Morton also revealed that the band did try something new and different with Resolution. “Unlike any other album before, this album was written over the course of a couple of years, at least with the guitars. Willie and I starting songwriting as soon as we started touring with Wrath,” instead of their usual M.O. of touring writing upon their return from the road. “Due to having the recording software, we were able to take down ideas,” he says about the head start. As a result, Resolution boasts some of the most punk rock moments and some of the bluesiest moments of the band’s recorded career, perhaps fostered along by the liveliness of the writing-on-the-road process.

The album may display some of the band’s deeper and less obvious influences, but Chris Adler is quick to assess the album’s frantic energy. You can feel tension and release in the songs, making the album as a whole a truly cathartic experience. He says, “We really were living on a bit of the edge of our capabilities. There are some frantic moments in the music; they sound almost panic-inducing. The album is overwhelmingly aggressive and will definitely get people off their asses and driving fast.”

Blythe, he of the booming, bellowing voice, is known for spitting out provocative verses in a militaristic, almost drill-sergeant style bark. His voice and his style demand and command your attention.
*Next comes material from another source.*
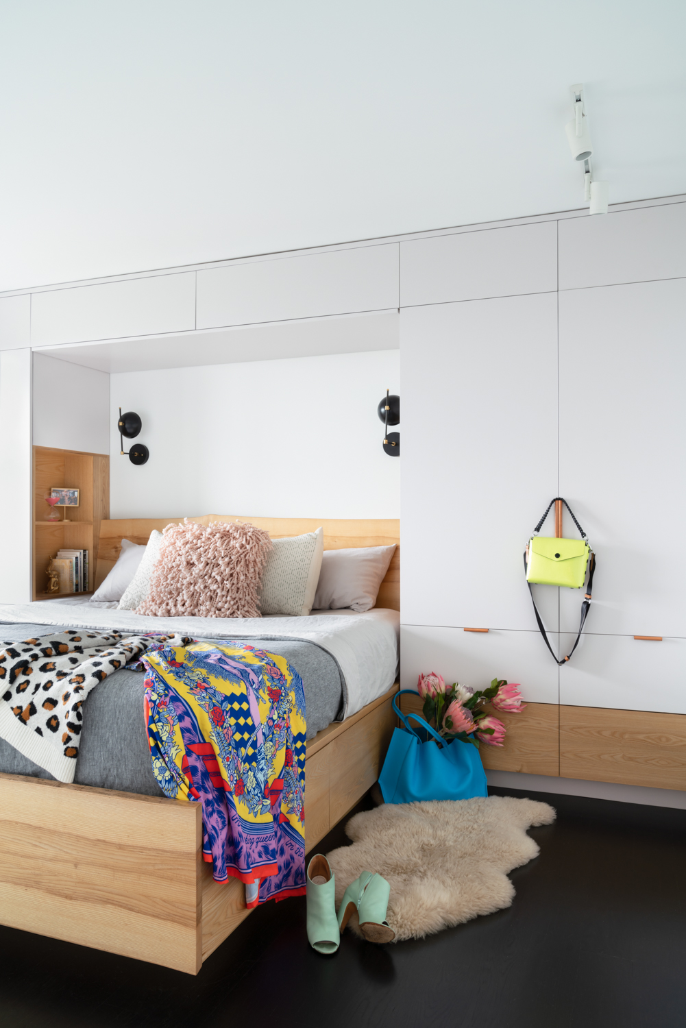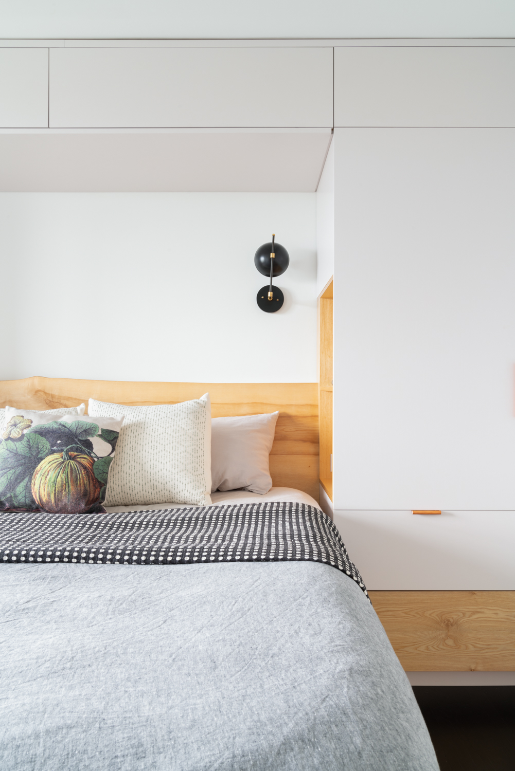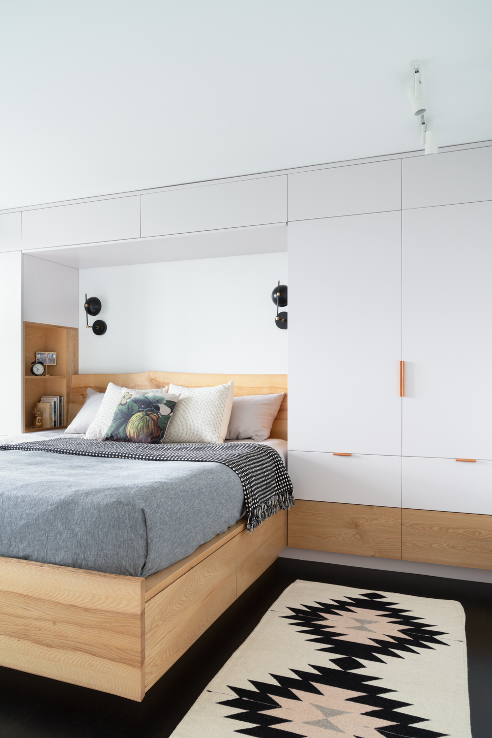 The master suite includes a custom designed and built oak bed, integrated into his-and-hers closets, complete with upper “attic” storage, and drawers under the bed. Next to the bed, built-in nooks provide a spot for a book and to charge devices.

What he declares in the space of his lyrics isn’t always comfortable –for him or for you- but he will always make you think about what he is saying. “I’m 40 years old, and I’m just now really getting some clarity on where my place in my life is,” Blythe admits. “This is about me getting clarity after partying for a long amount of time, looking at my life and saying ‘This is where I am, where do I want to go now?'”

Asking that question, which is something more than a fair share of the band’s red-blooded, average American fans are likely to pose to themselves, allowed the singer to enter an entirely different zone on Resolution. While he may have experienced discomfort, LOG ended up with a better and more honest record for it. He continues, “It’s an introspective record and goes over some uncomfortable things for me. I hope people that hear those lyrics will look at themselves and look at the world around them and say ‘This is where I am, I don’t like this.’ and try to invoke a change in themselves. My overall feeling for this record is ‘awakening.'”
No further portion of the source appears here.